PAT: Jay Leno is so angry about what's going on at NBC, did you see his monologue last night? Here's just a little piece of it.
CALLER: Happy birthday to Katie Couric. It's Katie Couric's birthday. She left NBC for another network. I've got to give her a call, see how that's working out. As you may have heard, there's a rumor floating around we were cancelled. I heard it coming in this morning on the radio.
VOICE: I heard it, too.
LENO: So far nobody said anything to me. But you know, if we did get cancelled, give us time to maybe do some traveling.
VOICE: That would be wonderful.
LENO: In fact, I understand Fox is beautiful this time of year, beautiful this time of year. (Applause). I don't think, I don't think there's any truth to the rumor.
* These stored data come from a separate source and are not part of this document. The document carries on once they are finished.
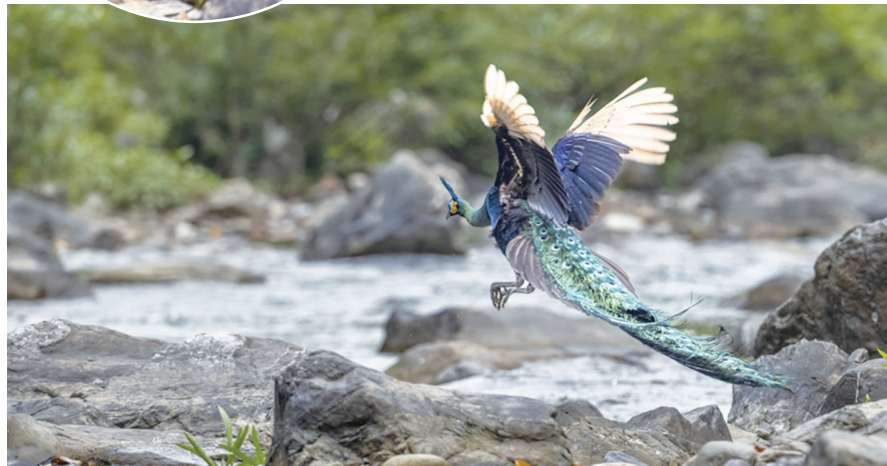
恐龙河自然保护区内的绿孔雀

那么，绿孔雀是什么样子的？蓝、绿孔雀究竟有何区别？绿孔雀的生活习性有哪些？在传统文化中绿孔雀又是以怎样的形象示人的？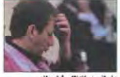
زنجانی در انتظار نتیجه ماند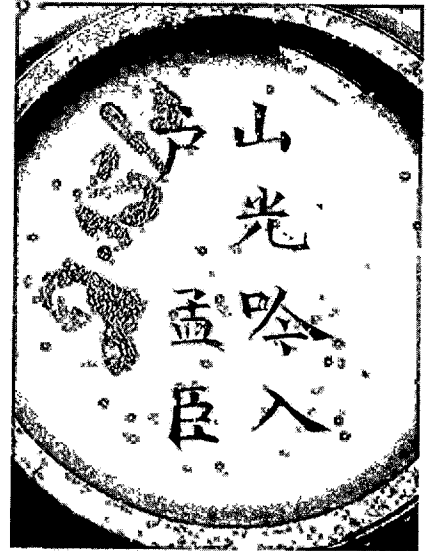
ปั้นหู ทรงลูกแก้ว สีสวาด ปากเหลี่ยมทอง ศิลปะจีน สมัยราชวงศ์ชิง (พ.ศ. ๒๑๘๗-๒๔๕๔)

See, it's always been my experience NBC only cancels you when you are in first place. So we're fine. (Laughter). We're actually okay. The justice department announced they will conduct an antitrust review of Comcast's proposal deal, you know, the merge with NBC. Yeah, yeah, yeah. Antitrust review, which is the relationship I have with NBC, antitrust. (Laughter). There's an antitrust, yeah, yeah, yeah.
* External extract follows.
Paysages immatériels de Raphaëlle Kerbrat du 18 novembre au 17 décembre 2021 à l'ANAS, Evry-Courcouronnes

PAT: I mean, that's an angry rant. You see how angry, NBC? Do you see it? Do you see? I mean, to air that kind of dirty laundry during the show on NBC, something's going radically wrong there. But the debacle at NBC is one of the worst in TV history. At the height of Jay Leno's popularity five years ago, he was number one. And he had been for, what, ten years? They announce he will be replaced with the weird, goofy, bizarre Conan O'Brien. Then to keep Leno once that replacement finally happens and he's still number one, they inexplicably give Leno a prime time talk show every night five nights a week. Everybody knew, you don't have to be in television to know that can't work. That's not going to work! Nobody wants to watch a talk show at 10:00 Eastern, 9:00 in the rest of the country, in prime time. You just, I mean, after the news and there's nothing else on, that's when you want a talk show. Winding down for the day, going to sleep at night. And then O'Brien has been abysmal, he's lost, I don't know, three million viewers or whatever. David Letterman who's been in third place for ten years is now beating Conan O'Brien by two million viewers a night. So now in an effort to fix this debacle, what's being discussed is that they will have Leno come in from 11:35 to 12:05 and he will do the monologue, maybe have a guest and then, and then Conan will do the Tonight Show, it will be a Jay Leno Show leading up to 12:05, that way apparently there's some kind of penalty NBC has to pay, I guess, to Conan O'Brien if they take him off any sooner than they already agreed to. At this point you just cut your losses. You just say, we really screwed up badly; Conan, bye bye, go do whatever you want. He's proven he can't win at that time of night. Let some other network take him, pay the penalty, gave him his money, move on, put Leno back on the Tonight Show, make everybody happy. But, you know, people don't like to admit their mistakes and I'm sure Zucker or whoever's responsibility at NBC won't take responsibility for that debacle, either, any more than Barack Obama has taken actual real responsibility for the problems of the country.